Work required: Identify, in the records below, every line where the string "features" appears, and copy each such line.

Items from a data source

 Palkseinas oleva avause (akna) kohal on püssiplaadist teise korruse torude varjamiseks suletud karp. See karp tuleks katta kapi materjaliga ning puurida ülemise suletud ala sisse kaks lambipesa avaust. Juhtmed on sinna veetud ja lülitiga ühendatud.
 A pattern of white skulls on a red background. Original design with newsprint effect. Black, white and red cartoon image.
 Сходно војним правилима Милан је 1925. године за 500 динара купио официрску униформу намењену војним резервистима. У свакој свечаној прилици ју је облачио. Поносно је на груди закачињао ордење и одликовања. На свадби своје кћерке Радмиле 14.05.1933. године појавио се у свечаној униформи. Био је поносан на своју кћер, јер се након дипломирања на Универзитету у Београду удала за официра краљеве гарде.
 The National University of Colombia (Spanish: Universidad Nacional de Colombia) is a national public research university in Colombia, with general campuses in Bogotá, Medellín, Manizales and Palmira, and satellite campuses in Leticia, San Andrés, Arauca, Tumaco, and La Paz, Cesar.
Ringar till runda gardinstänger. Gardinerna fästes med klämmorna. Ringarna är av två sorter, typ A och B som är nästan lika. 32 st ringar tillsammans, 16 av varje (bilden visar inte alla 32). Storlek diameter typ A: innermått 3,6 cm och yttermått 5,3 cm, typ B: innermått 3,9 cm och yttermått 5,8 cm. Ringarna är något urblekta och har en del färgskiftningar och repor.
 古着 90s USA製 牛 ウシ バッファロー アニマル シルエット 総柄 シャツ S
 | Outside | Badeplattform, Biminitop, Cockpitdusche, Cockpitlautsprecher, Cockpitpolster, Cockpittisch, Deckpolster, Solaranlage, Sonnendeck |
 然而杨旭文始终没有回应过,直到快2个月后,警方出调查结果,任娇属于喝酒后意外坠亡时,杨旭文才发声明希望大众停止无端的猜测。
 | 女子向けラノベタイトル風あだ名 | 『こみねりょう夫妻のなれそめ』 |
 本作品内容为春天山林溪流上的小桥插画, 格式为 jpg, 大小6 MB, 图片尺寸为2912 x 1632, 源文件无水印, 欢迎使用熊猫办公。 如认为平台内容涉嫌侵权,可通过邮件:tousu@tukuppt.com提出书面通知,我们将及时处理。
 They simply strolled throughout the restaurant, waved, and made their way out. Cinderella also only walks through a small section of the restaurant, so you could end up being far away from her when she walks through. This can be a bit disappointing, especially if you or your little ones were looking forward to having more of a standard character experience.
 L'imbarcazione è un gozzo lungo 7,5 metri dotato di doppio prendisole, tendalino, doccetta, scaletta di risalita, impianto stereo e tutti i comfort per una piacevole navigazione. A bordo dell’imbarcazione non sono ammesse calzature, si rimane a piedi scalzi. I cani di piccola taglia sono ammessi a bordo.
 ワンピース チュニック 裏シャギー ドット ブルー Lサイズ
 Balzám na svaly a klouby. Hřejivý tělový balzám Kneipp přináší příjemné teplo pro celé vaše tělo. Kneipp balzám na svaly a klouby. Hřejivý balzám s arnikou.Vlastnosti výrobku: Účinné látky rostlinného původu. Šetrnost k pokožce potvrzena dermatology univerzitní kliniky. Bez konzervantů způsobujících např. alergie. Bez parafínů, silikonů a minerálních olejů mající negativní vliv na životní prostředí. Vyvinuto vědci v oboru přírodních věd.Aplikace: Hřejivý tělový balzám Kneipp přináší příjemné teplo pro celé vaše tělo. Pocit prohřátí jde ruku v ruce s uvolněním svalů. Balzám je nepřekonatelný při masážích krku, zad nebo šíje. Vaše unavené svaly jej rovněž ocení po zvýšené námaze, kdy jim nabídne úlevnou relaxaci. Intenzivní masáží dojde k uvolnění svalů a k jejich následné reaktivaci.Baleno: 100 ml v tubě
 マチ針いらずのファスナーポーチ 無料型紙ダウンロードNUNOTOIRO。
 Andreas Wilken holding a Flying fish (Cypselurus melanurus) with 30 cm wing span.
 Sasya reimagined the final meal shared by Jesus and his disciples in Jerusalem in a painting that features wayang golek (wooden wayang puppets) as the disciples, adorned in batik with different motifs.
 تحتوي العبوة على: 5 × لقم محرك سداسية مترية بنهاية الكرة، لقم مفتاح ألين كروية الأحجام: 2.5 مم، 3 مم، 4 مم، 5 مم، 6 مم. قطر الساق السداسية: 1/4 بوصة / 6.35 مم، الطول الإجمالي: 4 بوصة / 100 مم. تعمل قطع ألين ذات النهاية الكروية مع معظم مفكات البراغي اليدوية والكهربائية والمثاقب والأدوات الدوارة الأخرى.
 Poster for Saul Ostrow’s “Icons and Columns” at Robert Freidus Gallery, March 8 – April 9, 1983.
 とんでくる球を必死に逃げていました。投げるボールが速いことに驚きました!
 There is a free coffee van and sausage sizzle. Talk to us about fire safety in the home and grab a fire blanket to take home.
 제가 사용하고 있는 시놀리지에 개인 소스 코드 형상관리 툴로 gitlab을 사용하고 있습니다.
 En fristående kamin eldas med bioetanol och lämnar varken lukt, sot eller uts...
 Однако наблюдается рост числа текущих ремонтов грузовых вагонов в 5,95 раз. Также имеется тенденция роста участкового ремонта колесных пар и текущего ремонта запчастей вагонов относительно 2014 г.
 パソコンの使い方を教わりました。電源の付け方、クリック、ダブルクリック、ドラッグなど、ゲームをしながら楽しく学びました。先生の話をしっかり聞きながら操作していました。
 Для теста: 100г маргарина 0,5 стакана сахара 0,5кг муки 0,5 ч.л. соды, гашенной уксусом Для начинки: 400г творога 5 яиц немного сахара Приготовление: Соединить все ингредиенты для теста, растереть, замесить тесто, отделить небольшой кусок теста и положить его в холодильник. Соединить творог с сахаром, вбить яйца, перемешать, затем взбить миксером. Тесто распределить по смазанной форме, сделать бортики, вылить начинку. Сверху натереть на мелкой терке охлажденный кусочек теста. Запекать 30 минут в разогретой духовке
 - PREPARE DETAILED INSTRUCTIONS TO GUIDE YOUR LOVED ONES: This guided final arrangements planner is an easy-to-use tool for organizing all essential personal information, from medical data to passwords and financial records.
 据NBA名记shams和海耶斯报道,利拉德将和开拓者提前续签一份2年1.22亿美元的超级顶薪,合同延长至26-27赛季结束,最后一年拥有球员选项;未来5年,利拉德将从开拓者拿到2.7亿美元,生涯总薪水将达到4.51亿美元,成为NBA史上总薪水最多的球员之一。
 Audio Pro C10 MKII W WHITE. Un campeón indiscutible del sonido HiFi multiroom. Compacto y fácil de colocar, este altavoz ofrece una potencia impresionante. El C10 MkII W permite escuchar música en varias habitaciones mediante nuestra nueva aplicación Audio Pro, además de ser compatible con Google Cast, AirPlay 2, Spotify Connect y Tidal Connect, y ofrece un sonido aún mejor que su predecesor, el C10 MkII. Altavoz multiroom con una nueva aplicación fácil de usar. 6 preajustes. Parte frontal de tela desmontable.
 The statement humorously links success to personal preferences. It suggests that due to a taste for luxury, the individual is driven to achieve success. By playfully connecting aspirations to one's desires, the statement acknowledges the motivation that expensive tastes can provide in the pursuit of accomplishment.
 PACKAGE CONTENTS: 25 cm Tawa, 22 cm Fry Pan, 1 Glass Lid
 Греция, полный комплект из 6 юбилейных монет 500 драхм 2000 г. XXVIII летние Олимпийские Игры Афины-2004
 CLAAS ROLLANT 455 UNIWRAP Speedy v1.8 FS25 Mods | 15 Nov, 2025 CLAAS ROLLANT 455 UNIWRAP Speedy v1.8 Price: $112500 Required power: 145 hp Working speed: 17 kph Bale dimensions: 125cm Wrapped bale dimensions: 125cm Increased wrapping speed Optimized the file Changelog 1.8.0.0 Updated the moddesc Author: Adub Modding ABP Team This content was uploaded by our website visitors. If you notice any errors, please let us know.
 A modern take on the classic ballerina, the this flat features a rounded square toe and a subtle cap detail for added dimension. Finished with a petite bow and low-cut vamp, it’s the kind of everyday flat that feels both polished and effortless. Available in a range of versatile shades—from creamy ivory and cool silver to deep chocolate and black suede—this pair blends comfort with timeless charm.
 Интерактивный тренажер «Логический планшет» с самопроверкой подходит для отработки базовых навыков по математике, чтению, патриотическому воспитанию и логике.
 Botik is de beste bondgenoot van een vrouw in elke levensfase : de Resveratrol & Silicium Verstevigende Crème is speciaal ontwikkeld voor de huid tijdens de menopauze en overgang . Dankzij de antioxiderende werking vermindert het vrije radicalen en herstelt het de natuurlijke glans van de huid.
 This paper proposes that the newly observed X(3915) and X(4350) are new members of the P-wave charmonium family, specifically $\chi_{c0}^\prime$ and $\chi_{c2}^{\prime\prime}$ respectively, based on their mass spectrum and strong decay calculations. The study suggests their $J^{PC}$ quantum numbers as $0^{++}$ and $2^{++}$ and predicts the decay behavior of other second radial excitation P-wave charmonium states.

Solved problem:
 Sasya reimagined the final meal shared by Jesus and his disciples in Jerusalem in a painting that features wayang golek (wooden wayang puppets) as the disciples, adorned in batik with different motifs.
 A modern take on the classic ballerina, the this flat features a rounded square toe and a subtle cap detail for added dimension. Finished with a petite bow and low-cut vamp, it’s the kind of everyday flat that feels both polished and effortless. Available in a range of versatile shades—from creamy ivory and cool silver to deep chocolate and black suede—this pair blends comfort with timeless charm.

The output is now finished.